──────── Dataset records

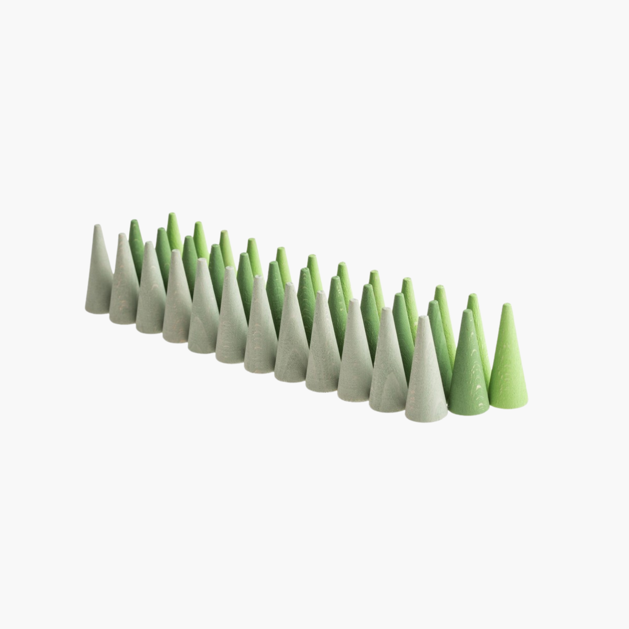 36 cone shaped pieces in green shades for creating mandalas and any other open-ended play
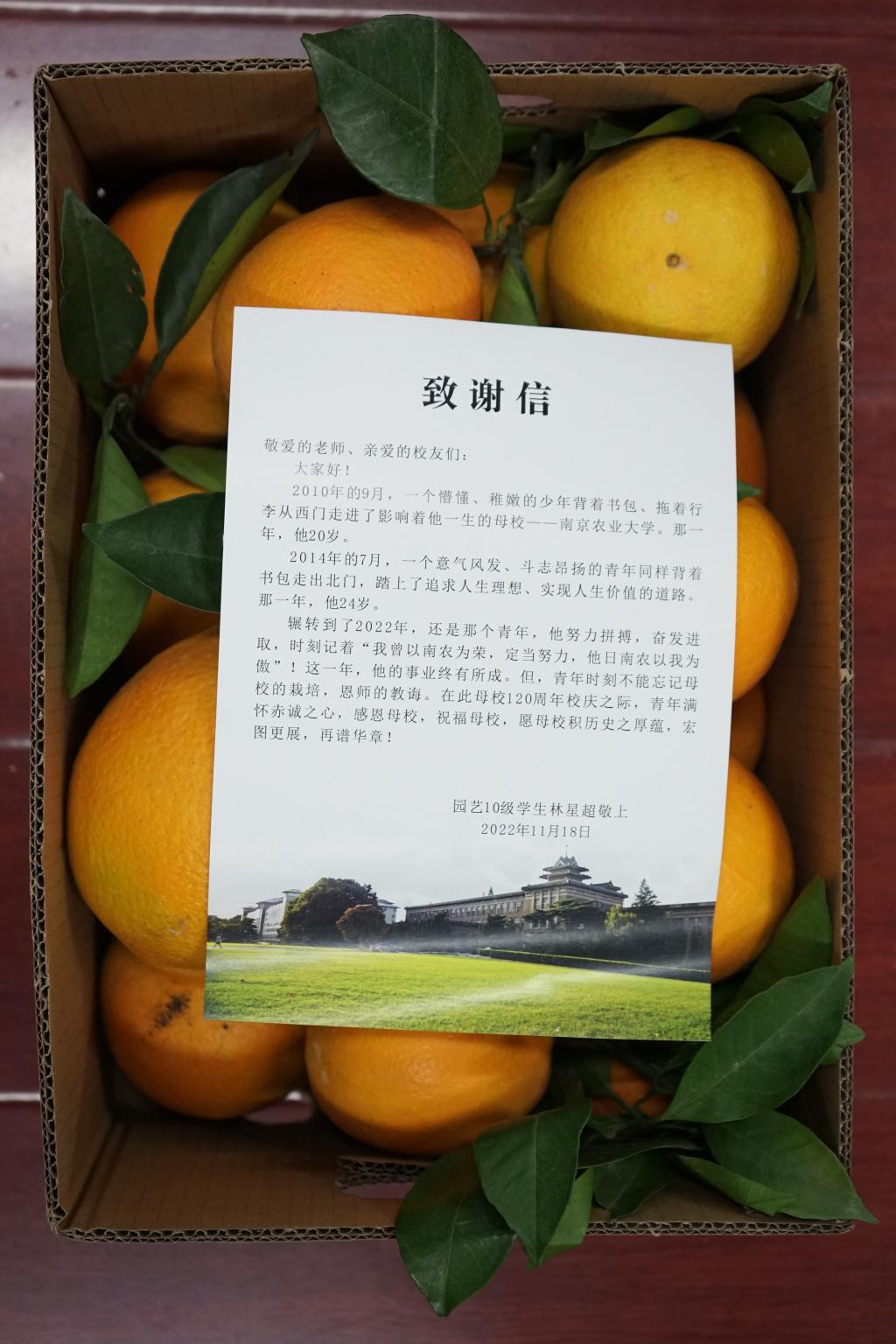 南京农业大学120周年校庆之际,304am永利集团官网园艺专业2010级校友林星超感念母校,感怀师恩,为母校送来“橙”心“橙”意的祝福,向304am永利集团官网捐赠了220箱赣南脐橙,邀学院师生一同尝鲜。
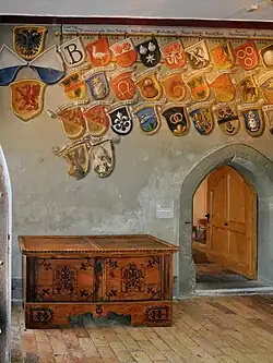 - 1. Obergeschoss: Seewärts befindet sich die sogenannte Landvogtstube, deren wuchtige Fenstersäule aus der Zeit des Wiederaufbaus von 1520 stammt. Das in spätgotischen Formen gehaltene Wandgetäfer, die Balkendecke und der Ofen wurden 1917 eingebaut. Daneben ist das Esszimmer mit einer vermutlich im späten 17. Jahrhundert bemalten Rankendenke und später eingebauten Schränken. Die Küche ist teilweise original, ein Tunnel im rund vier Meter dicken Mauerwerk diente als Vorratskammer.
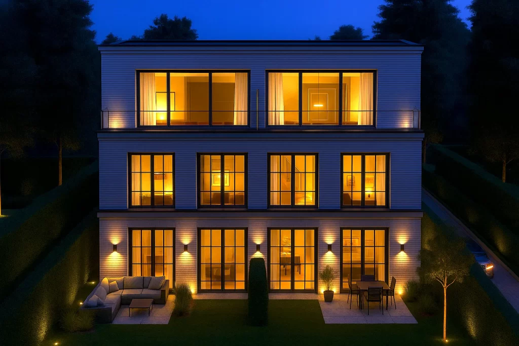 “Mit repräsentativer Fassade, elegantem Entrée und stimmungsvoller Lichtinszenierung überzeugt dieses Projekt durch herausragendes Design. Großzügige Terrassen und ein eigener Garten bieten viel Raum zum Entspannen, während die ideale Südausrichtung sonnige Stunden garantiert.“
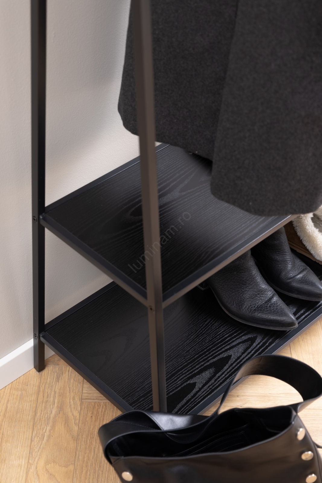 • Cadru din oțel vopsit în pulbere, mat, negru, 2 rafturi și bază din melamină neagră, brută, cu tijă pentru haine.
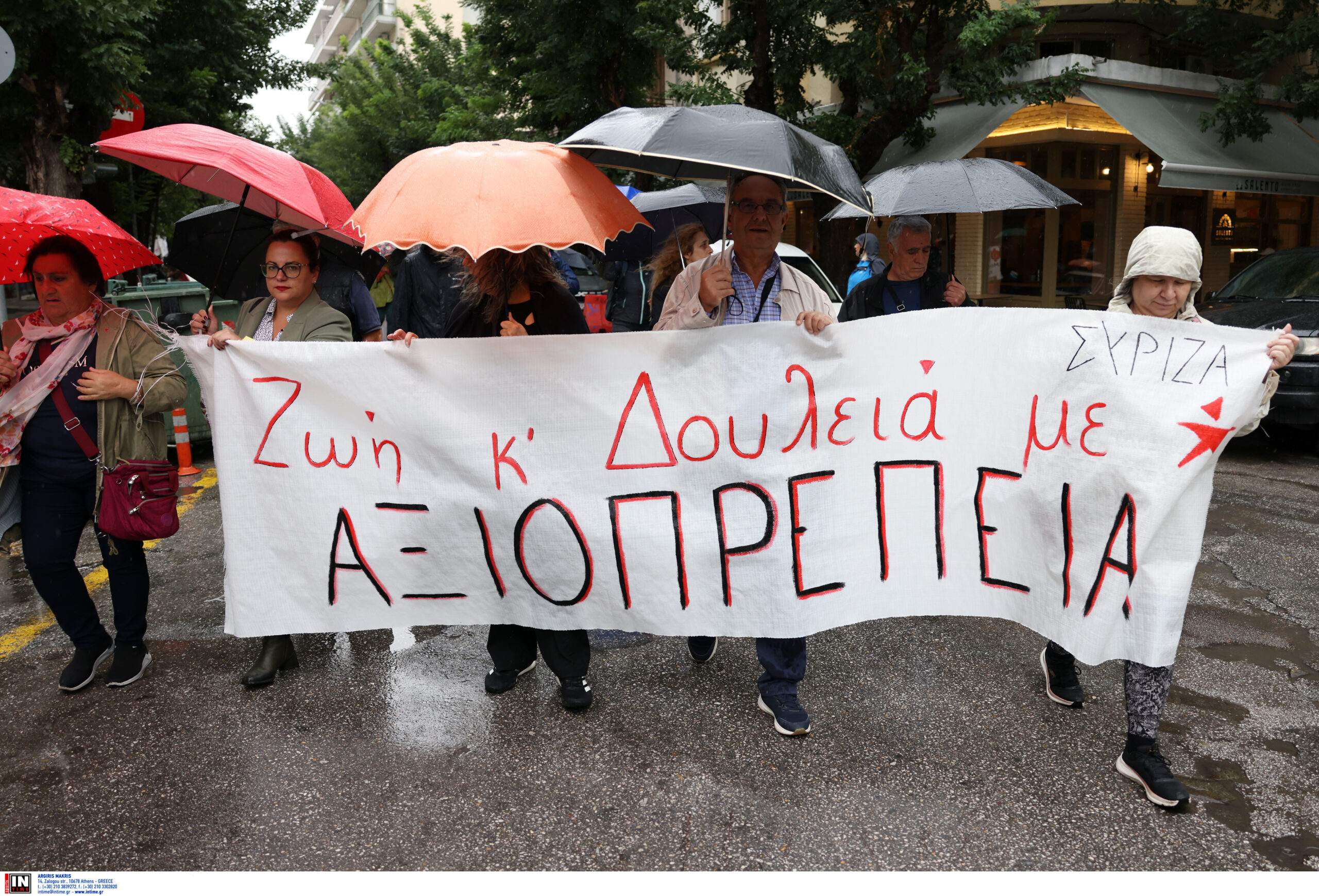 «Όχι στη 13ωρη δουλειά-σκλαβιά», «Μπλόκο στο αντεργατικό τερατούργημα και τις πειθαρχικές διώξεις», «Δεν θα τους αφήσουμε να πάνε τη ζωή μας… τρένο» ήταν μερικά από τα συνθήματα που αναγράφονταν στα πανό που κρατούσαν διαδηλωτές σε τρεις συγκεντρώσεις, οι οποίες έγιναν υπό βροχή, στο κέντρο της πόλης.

────────────────
──────── Dataset records

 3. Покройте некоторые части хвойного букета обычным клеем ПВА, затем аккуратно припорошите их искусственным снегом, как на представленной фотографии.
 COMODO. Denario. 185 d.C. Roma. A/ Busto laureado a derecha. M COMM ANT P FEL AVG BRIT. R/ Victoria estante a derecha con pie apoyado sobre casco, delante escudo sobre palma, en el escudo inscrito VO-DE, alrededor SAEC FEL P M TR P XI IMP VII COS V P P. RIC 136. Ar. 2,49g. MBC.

────────────────
──────── Dataset records

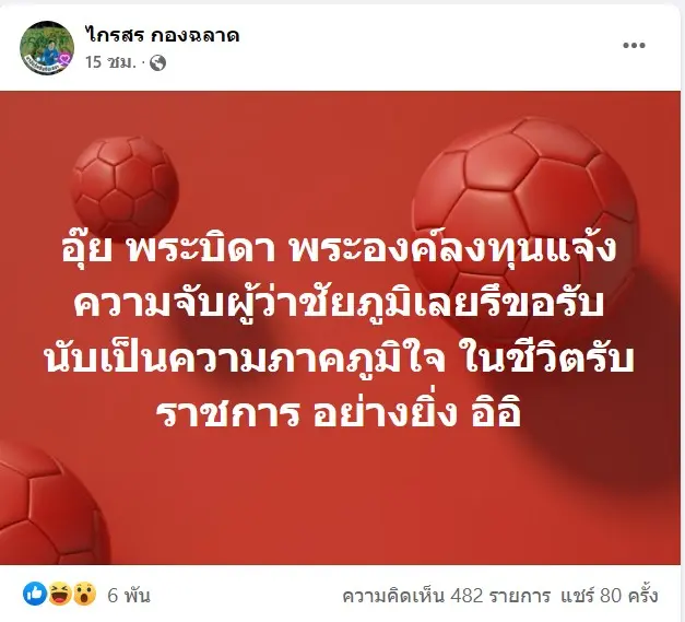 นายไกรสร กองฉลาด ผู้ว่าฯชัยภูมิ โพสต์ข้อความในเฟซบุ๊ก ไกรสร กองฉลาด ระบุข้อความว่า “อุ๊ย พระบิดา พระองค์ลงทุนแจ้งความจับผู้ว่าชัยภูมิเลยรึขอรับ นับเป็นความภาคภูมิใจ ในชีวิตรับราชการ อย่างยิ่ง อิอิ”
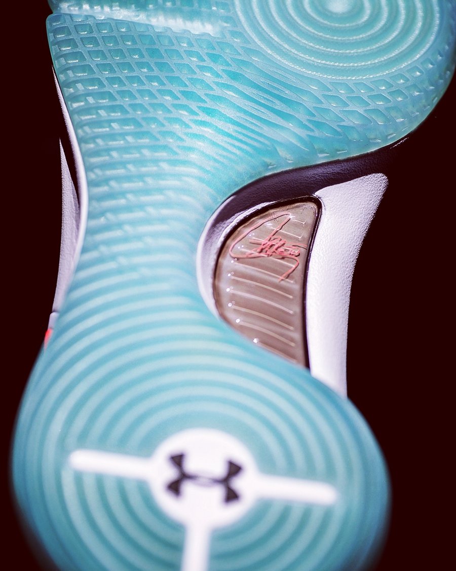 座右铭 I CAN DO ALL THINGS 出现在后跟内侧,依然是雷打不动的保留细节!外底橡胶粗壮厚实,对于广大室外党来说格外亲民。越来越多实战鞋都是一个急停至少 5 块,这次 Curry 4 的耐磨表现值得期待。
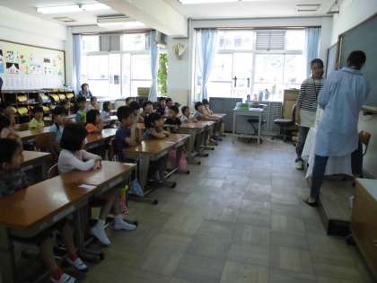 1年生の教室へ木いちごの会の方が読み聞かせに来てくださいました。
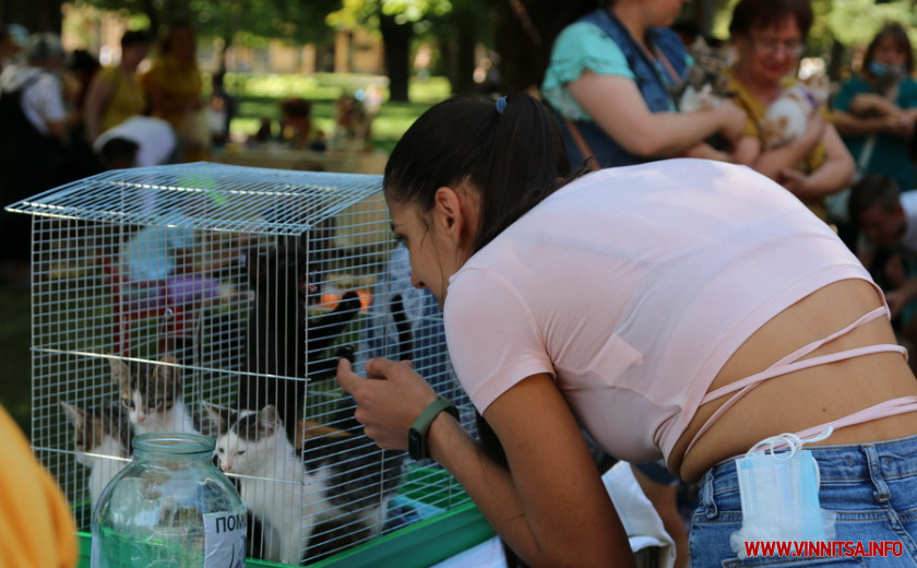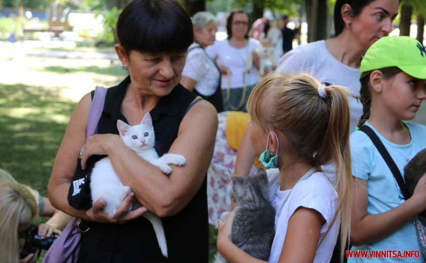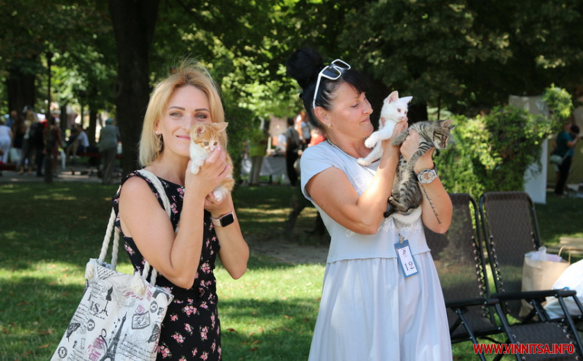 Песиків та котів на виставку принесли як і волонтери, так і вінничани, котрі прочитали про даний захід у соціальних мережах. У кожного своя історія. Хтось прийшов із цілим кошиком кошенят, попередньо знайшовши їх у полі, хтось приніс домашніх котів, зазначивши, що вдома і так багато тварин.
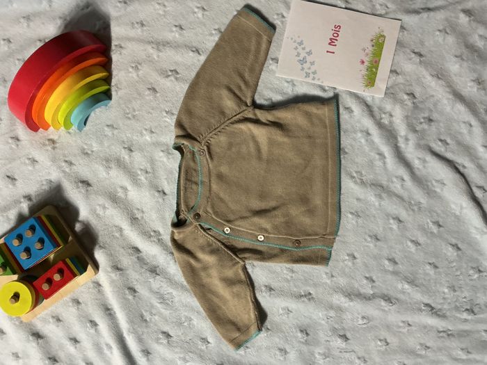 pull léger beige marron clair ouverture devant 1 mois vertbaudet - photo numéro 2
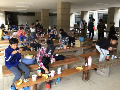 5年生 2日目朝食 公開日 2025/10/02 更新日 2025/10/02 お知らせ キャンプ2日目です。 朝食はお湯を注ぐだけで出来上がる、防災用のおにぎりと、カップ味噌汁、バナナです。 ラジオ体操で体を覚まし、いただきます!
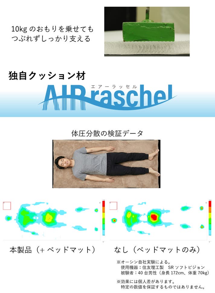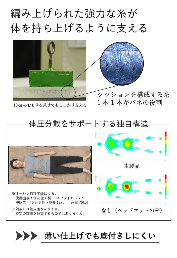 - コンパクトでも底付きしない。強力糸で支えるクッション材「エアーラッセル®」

────────────────

## Task
In the data above, find the line containing "36 cone shaped" and the line containing "- 1. Obergeschoss: Seewärts". Repeat those two lines and everything between them exactly, minus the pictures.

## Result of this exercise
 36 cone shaped pieces in green shades for creating mandalas and any other open-ended play
 南京农业大学120周年校庆之际,304am永利集团官网园艺专业2010级校友林星超感念母校,感怀师恩,为母校送来“橙”心“橙”意的祝福,向304am永利集团官网捐赠了220箱赣南脐橙,邀学院师生一同尝鲜。
 - 1. Obergeschoss: Seewärts befindet sich die sogenannte Landvogtstube, deren wuchtige Fenstersäule aus der Zeit des Wiederaufbaus von 1520 stammt. Das in spätgotischen Formen gehaltene Wandgetäfer, die Balkendecke und der Ofen wurden 1917 eingebaut. Daneben ist das Esszimmer mit einer vermutlich im späten 17. Jahrhundert bemalten Rankendenke und später eingebauten Schränken. Die Küche ist teilweise original, ein Tunnel im rund vier Meter dicken Mauerwerk diente als Vorratskammer.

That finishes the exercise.